#### THE DATA

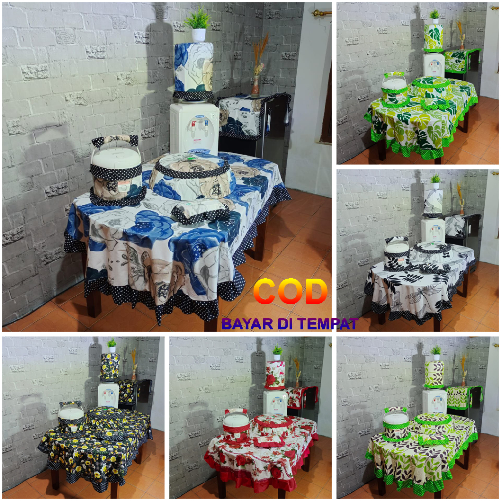 Isi paket yang akan anda dapatkan, Sebagai berikut : * 1 Taplak Meja Makan Oval (Jumbo) * 1 Sarung Galon Multifungsi * 1 Taplak Kulkas * 1 Sarung Mejikom * 1 Sarung Tudung Saji Bulat (Jumbo) * 1 Sarung Tempat Tisu * 1 Sarung gagang pintu kulkas * 1 Sarung gagang tutup magicom
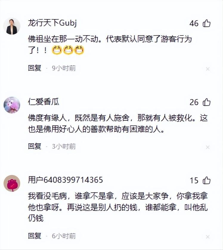 从某种意义上来说,这些人把钱扔出来就是捐给了大佛,而被这两个女生捡走,也就是大佛默许了女生的行为,佛度有缘人,说明女生确实需要这些钱。
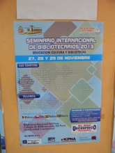Luego en el Distrito de El Tambo, en la Provincia de Huancayo, fuimos invitados a participar del "Seminario Internacional de Bibliotecarios 2013: Educación, Cultura y Bibliotecas", que se realizó entre los días 27 y 29 de noviembre y que fuera organizado por el Colegio de Bibliotecólogos del Perú y la Municipalidad Metropolitana de El Tambo en conjunto con su Casa de la Cultura y su Biblioteca. En esta ocasión, se contó con la presentación de diversas conferencias en la mañana y en la tarde talleres simultáneos realizados por los expositores internacionales ya mencionados, además de varios Bibliotecólogos provenientes de la ciudad de Lima. Los temas fueron: Tecnología, Gestión, Servicios, Planeamiento bibliotecario; también hubo presentación de libros y conclusiones. En nuestro caso en particular, dimos la conferencia: Bibliotecas Públicas de Chile con énfasis en la gestión de la Biblioteca Pública Municipal de Doñihue y el Taller "Gestión participativa en la Biblioteca Pública" donde participaron 32 personas preferentemente ligadas a Bibliotecas Escolares (28), dos universitarias y dos públicas.
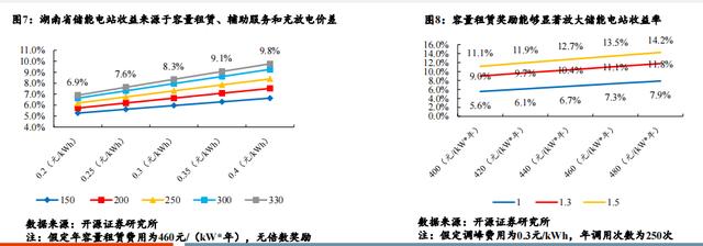 并且在容量租賃獎(jiǎng)勵(lì)為1.3倍和1.5倍時(shí),其資本金收益率能夠放大至11.1%與13.5%??紤]到當(dāng)前湖南省仍存在較大的電 網(wǎng)側(cè)儲(chǔ)能裝機(jī)缺口,調(diào)峰服務(wù)輔助頻次和價(jià)格均有望實(shí)現(xiàn)較大的提升,在不考慮容量租賃獎(jiǎng)勵(lì)的情況下,其資本金收益在年調(diào)用次 數(shù)為330次,調(diào)峰輔助服務(wù)收益為0.4元/kWh的情況下,其資本金收益率能夠達(dá)到9.8%。隨著電力輔助服務(wù)種類增多和電力現(xiàn)貨市場(chǎng) 的開(kāi)展,其收益方式有望進(jìn)一步增加。同時(shí)儲(chǔ)能電站的收益在一定程度上依賴電站運(yùn)營(yíng)商自身的運(yùn)營(yíng)水平,隨著儲(chǔ)能電站運(yùn)營(yíng)商的 經(jīng)驗(yàn)積累,收益能力有望進(jìn)一步提升。
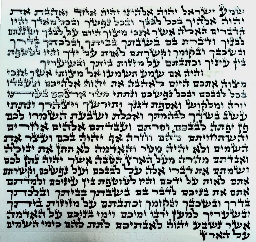 Parchments with text for mezuzahs were checked by a rabbi. According to Jewish law, it is recommended that the mezuzah be examined by a qualified soifer once every few years. What is a mezuzah made of? Parchment made from genuine leather of a ritually pure animal, on which a certified scribe writes two fragments of the Torah text: the first is “Shema Yisrael” (Devarim 6:4-9). And the second: “And it will be like this: if you obey” (ibid., 11:13-21). On the reverse side of the parchment is written the word “ShaDai”, one of the names of G-d, which stands for “Shomer Dlatot Yisrael (“Guardian of the Doors of Israel”).” Writing the mezuzah: must be written by an experienced and certified scribe of
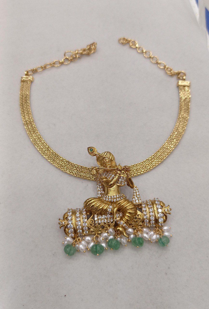 Adorn yourself with this exquisite Nakshi Krishna Pendant paired with a delicate Nanu Chain. The intricate Nakshi workmanship brings Lord Krishna to life in stunning detail, making this pendant a perfect expression of devotion and style. This timeless piece adds a touch of spiritual elegance to any outfit while celebrating India's rich artistic heritage.
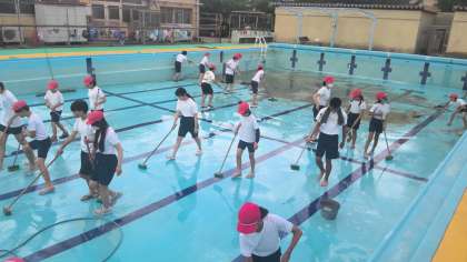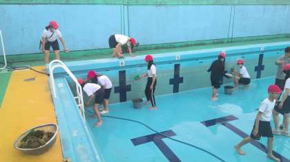 水泳学習に向けて6年生がプール掃除を行いました。みんなで声を掛け合いながら、学校全体のために楽しみながらも一生懸命に掃除する姿が素敵でした。
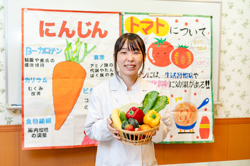 子どもの頃に入院した経験から、美味しい食事を栄養面も考えて作る栄養士に憧れ、医療の現場で食事の面から病気の方をサポートしたいと考えるようになりました。実習でお世話になった病院に内定をいただいたので、今後、働きながら管理栄養士の資格取得を目指します!そのため今も先生から過去問題をいただいて勉強中です。
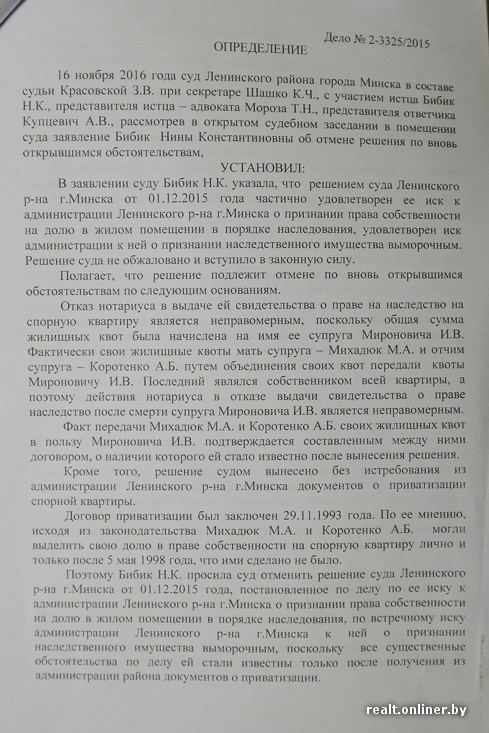 В 2015 году Нине пришлось побывать в суде уже по квартирному вопросу: женщина пыталась доказать, что как минимум доли умерших родителей собственника должны достаться наследникам (дочке и внучке). Исполком Ленинского района оперативно подал встречный иск о признании долей Михадюк и Коротенко выморочными и передаче их в коммунальную собственность.
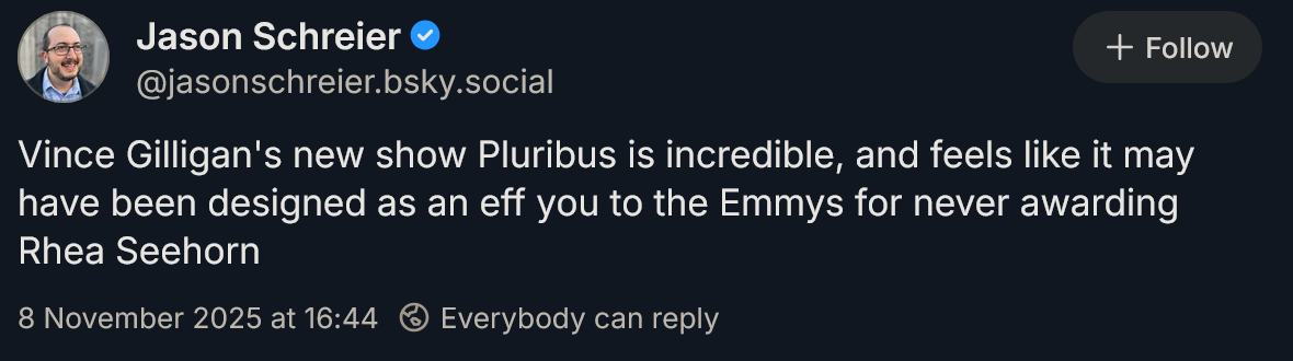 135, why? I knew the world would be watching because of BB and BCS, but I really thought because it's on a tiny streamer with the cast it has it'd just be ignored, not actually watched and attacked and praised.

########

- TASK OBJECTIVE -
With the pictures set aside, repeat every entry above exactly.

- PROBLEM SOLUTION -
 Isi paket yang akan anda dapatkan, Sebagai berikut : * 1 Taplak Meja Makan Oval (Jumbo) * 1 Sarung Galon Multifungsi * 1 Taplak Kulkas * 1 Sarung Mejikom * 1 Sarung Tudung Saji Bulat (Jumbo) * 1 Sarung Tempat Tisu * 1 Sarung gagang pintu kulkas * 1 Sarung gagang tutup magicom
 从某种意义上来说,这些人把钱扔出来就是捐给了大佛,而被这两个女生捡走,也就是大佛默许了女生的行为,佛度有缘人,说明女生确实需要这些钱。
Luego en el Distrito de El Tambo, en la Provincia de Huancayo, fuimos invitados a participar del "Seminario Internacional de Bibliotecarios 2013: Educación, Cultura y Bibliotecas", que se realizó entre los días 27 y 29 de noviembre y que fuera organizado por el Colegio de Bibliotecólogos del Perú y la Municipalidad Metropolitana de El Tambo en conjunto con su Casa de la Cultura y su Biblioteca. En esta ocasión, se contó con la presentación de diversas conferencias en la mañana y en la tarde talleres simultáneos realizados por los expositores internacionales ya mencionados, además de varios Bibliotecólogos provenientes de la ciudad de Lima. Los temas fueron: Tecnología, Gestión, Servicios, Planeamiento bibliotecario; también hubo presentación de libros y conclusiones. En nuestro caso en particular, dimos la conferencia: Bibliotecas Públicas de Chile con énfasis en la gestión de la Biblioteca Pública Municipal de Doñihue y el Taller "Gestión participativa en la Biblioteca Pública" donde participaron 32 personas preferentemente ligadas a Bibliotecas Escolares (28), dos universitarias y dos públicas.
 并且在容量租賃獎(jiǎng)勵(lì)為1.3倍和1.5倍時(shí),其資本金收益率能夠放大至11.1%與13.5%??紤]到當(dāng)前湖南省仍存在較大的電 網(wǎng)側(cè)儲(chǔ)能裝機(jī)缺口,調(diào)峰服務(wù)輔助頻次和價(jià)格均有望實(shí)現(xiàn)較大的提升,在不考慮容量租賃獎(jiǎng)勵(lì)的情況下,其資本金收益在年調(diào)用次 數(shù)為330次,調(diào)峰輔助服務(wù)收益為0.4元/kWh的情況下,其資本金收益率能夠達(dá)到9.8%。隨著電力輔助服務(wù)種類增多和電力現(xiàn)貨市場(chǎng) 的開(kāi)展,其收益方式有望進(jìn)一步增加。同時(shí)儲(chǔ)能電站的收益在一定程度上依賴電站運(yùn)營(yíng)商自身的運(yùn)營(yíng)水平,隨著儲(chǔ)能電站運(yùn)營(yíng)商的 經(jīng)驗(yàn)積累,收益能力有望進(jìn)一步提升。
 Parchments with text for mezuzahs were checked by a rabbi. According to Jewish law, it is recommended that the mezuzah be examined by a qualified soifer once every few years. What is a mezuzah made of? Parchment made from genuine leather of a ritually pure animal, on which a certified scribe writes two fragments of the Torah text: the first is “Shema Yisrael” (Devarim 6:4-9). And the second: “And it will be like this: if you obey” (ibid., 11:13-21). On the reverse side of the parchment is written the word “ShaDai”, one of the names of G-d, which stands for “Shomer Dlatot Yisrael (“Guardian of the Doors of Israel”).” Writing the mezuzah: must be written by an experienced and certified scribe of
 Adorn yourself with this exquisite Nakshi Krishna Pendant paired with a delicate Nanu Chain. The intricate Nakshi workmanship brings Lord Krishna to life in stunning detail, making this pendant a perfect expression of devotion and style. This timeless piece adds a touch of spiritual elegance to any outfit while celebrating India's rich artistic heritage.
 水泳学習に向けて6年生がプール掃除を行いました。みんなで声を掛け合いながら、学校全体のために楽しみながらも一生懸命に掃除する姿が素敵でした。
 子どもの頃に入院した経験から、美味しい食事を栄養面も考えて作る栄養士に憧れ、医療の現場で食事の面から病気の方をサポートしたいと考えるようになりました。実習でお世話になった病院に内定をいただいたので、今後、働きながら管理栄養士の資格取得を目指します!そのため今も先生から過去問題をいただいて勉強中です。
 В 2015 году Нине пришлось побывать в суде уже по квартирному вопросу: женщина пыталась доказать, что как минимум доли умерших родителей собственника должны достаться наследникам (дочке и внучке). Исполком Ленинского района оперативно подал встречный иск о признании долей Михадюк и Коротенко выморочными и передаче их в коммунальную собственность.
 135, why? I knew the world would be watching because of BB and BCS, but I really thought because it's on a tiny streamer with the cast it has it'd just be ignored, not actually watched and attacked and praised.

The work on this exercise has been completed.